Aさんのケースでは、それらの費用は、父親の財産がなかったため裁判所による「保管金」から賄われましたが、これらをすべてクリアし、国庫帰属にたどり着くために要した時間は2年。一般の相続人が簡単にできるとは到底思えません。



●国に引き取ってもらうためには、高い高い壁がある

今回新設が検討される「国庫帰属制度」には、いくつかの条件が見込まれていますが、それぞれに国からの要求がつくことが予想されます。




(1)更地であること
→建物があれば解体してね。費用は相続人負担で!



(2)抵当権が設定されていないこと
→抵当権は抹消してね。そのための弁済や登記費用は相続人負担で!



(3)境界の争いがないこと
→境界確定をしてね。土地家屋調査士の費用は相続人負担で!



(4)土壌汚染がないこと
→土壌汚染がないか証明してね。地歴調査やレポートは相続人負担で!




一読しただけで「ムリムリ!」と叫びたくなりませんか?



●法案の一番の肝は「相続登記の義務化」

Aさんは言います。



「これほどの手間と費用をかけるなら、普通に相続する方がマシだよ、と誰もが思うんじゃないでしょうか。



国庫帰属の難しさを実感した僕から言わせれば、これらの条件は【国が絶対に相続登記をさせようとしていることの裏付け】ではないでしょうか」



実は今回の法改正の一番の軸は相続登記の義務化です。



いくつもの必要書類をそろえ、登録免許税を払って、法務局に申請して…。こうした相続登記の煩わしさから、何代にもわたって放置され、所有者不明となった土地が九州の面積と同等まで膨れ上がっていると言われます。

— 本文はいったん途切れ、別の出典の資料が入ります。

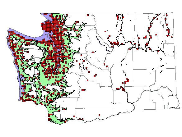 NatureMapping observations by townships during the breeding season. (36 square miles = township) |

所有権がわからない土地を自由にするわけにもいかず、公共事業等に大きな影響を及ぼしてきました。



そこで法案では、相続時の登記を義務化し、3年以内に登記をしていなかった場合、10万円の過料(行政罰)もかす案を検討しています。



「国が引き取らなくて済むように、つまり国民が自発的に相続登記をするように、わざと困難な条件を出していると感じました」



経験という重みが響くAさんの言葉です。



●司法書士も同意「解決策というより予防策」

次村憲二司法書士(司法書士法人ハート・トラスト)もAさんの見解に同意します。



過料もかすという厳しい措置がきっかけになり、積極的な相続登記がなされることが期待されるといいます。



「今回の法改正は相続登記未了土地問題の解決というより、むしろ予防策につながると思います。そして不動産登記に対する国民の意識が高まり、さらに突っ込んだ法改正がされることで、解決につながっていくのではないでしょうか。